Questions on Satellites

The following questions on satellites are simple, but slightly different from the common direct questions. See whether you can solve them yourself. Go through the solution given, only after your trial.
(1)A satellite is moving in an orbit of radius ‘r’ around the earth. A second satellite is moving in an orbit of radius (1.02)r. Then the orbital period of the second satellite is greater than that of the first by approximately
(a) 0.2% (b) 2% (c) 3% (d) 10.2% (e) 6%
We have T² α r³ (Kepler’s law) from which T α r^3/2. Since the increment in the orbital radius ‘r’ is 0.02r, the fractional increment in the orbital period ‘T’ is (∆T)/T = (3/2)(∆r)/r = (3/2) × 0.02r/r = 0.03. The percentage increase is 0.03×100 = 3% [option (c)].

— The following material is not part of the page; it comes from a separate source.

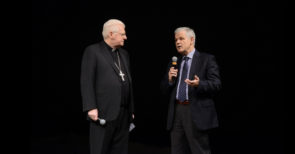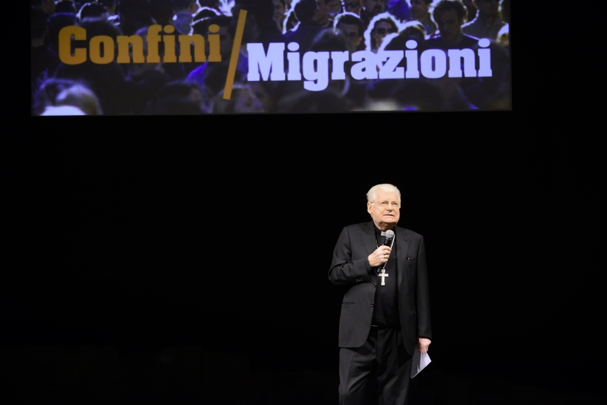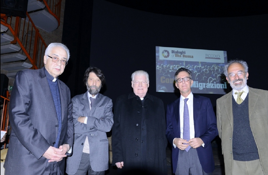 «Come accade spesso, le cose belle della vita accadono, non si decidono a tavolino, così è per stasera, dove uomini di diverse mondovisioni, appassionati del proprio tempo e di Milano si sono incontrati per confrontarsi, per lasciarsi narrare e narrarsi, in modo da raggiungere un riconoscimento possibile e da incontrare la nostra città, in questo tempo decisivo e di grande prova. Un’unità nata per raccordare i mille aspetti dello sviluppo di una metropoli dal carattere plurale. Un’unità fatta, quindi, di reciproca narrazione per trovare strade di vita buona a partire dal bene sociale del vivere insieme. Viviamo questa serata senza nessun principio di autorità, nessuna appropriazione di tale gesto se non da parte di tale Comitato scientifico che se ne è assunta la responsabilità. Speriamo in un lavoro che si articoli, poi, su tutto il territorio almeno delle terre ambrosiane. È un contributo per avere e costruire il futuro». Le parole del cardinale Angelo Scola – semplici, ma che chiariscono subito il significato del primo incontro dell’iniziativa dei “Dialoghi di Vita Buona”, dedicato al tema “Confini-Migrazioni” – aprono l’evento atteso che si svolge presso il Piccolo Teatro Studio Melato con la partecipazione di tanta gente.
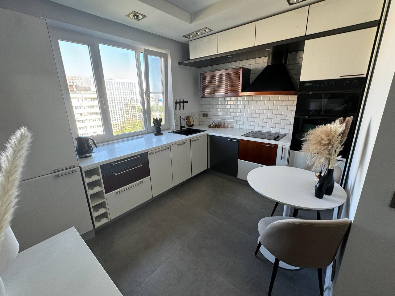 Кухня с большой длинной гарнитурой вдоль окна с красивым видом. Встроенная итальянская техника в рабочем состоянии (микроволновка, духовка, холодильник, посудомоечная машина). Стиральная машинка Bosh с функцией сушки.

(2) If the orbital period of a satellite is ‘T’, its kinetic energy is directly proportional to
(a) T (b) T^-1 (c) T^3/2 (d) T^2/3 (e) T^-2/3

We have, kinetic energy, E = GMm/2r where G is the gravitational constant, M is the mass of the earth ‘m’ is the mass of the satellite and ‘r’ is the radius of the orbit. Therefore, E α 1/r. Since T² α r³ in accordance with Kepler’s law, we can write r α T^2/3. Therefore, E α T^-2/3. The correct option is (e).